Whoa. Did I wake up late today. Noon, in fact. Wow.
But you know what? I feel excellent! Last night marks, I think, the first full night of sleep I’ve gotten in since … crud … Since I returned from my quick Alaska trip. And even there I was playing catch up. I think that today I might almost be caught up.
So … today’s post is a little late. Sorry. But I really don’t feel bad. I feel really good. Crud, I might even go get some exercise today!
Also, really quick before we get to today’s topic, don’t forget the 24-hour sale hitting on April 19th! Even if you already own a few books, it’s a chance to either complete your collection or share your favorites with someone else!
Okay, all that out of the way? Let’s get down to business with today’s topic of choice: Detailing characters.

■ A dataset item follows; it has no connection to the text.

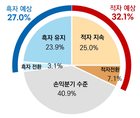 영업이익 실적이 목표치에 못 미치는 기업이 늘면서 영업수지 전망도 적신호가 켜졌다. 올해 영업이익 적자를 예상한 기업은 32.1%로, 흑자를 예상한 기업(27%)보다 많았다. 또한 지난해 흑자에서 올해 적자로 돌아선 기업 비중은 7.1%로 적자에서 흑자로 전환했다고 응답한 기업(3.1%)의 두 배를 넘었다.

Hopefully, that title has done its job properly and drawn most of you in. Made you think. Many, I expect, upon seeing the term “detail” and “character” in the same context would assume that the topic of choice would be about how to create or write detailed characters. Which, to be fair, is a very good topic. Hence why I’ve made a number of posts on it already. And yes, this topic does sort of align with that. It’s definitely going to get the tag.
But … I didn’t say “detailed characters.” I said detailing, which is just a little bit different. Detailing is something a bit more specific.
It can also be a verb, describing an action instead of being a thing. So, for example, I can talk about detailing as a concept … but I can also say “Oh, I was detailing X” and the statement still works.
Right, right, enough background. So what is detailing, and what does it have to do with your characters? Simple. Detailing is the act of adding small, decorative features to a building, sculpture, painting, or other piece of art. Hence the name. You’re adding small “details” to an item in order to enhance the whole. Like molding along the edge of a room, or a slight upwards crease to the lines around a sculpture’s eyes. Small, tiny details that enhance the whole when pulled back.
Most of you can probably see where I’m going with this now. Maybe. You’re thinking about the small details of your characters, right? How to add them in to enhance what the reader already knows?
Well, that’s good. In fact, I think I wrote another post that touched on that at one point. Maybe more than one. Which is good, because I’m not repeating that today. No, I’m not going to be talking about your primary characters at all.
No, today I’m stepping in another direction with our detailing. I’m talking about secondary and tertiary characters. And just like that, the whole situation has changed.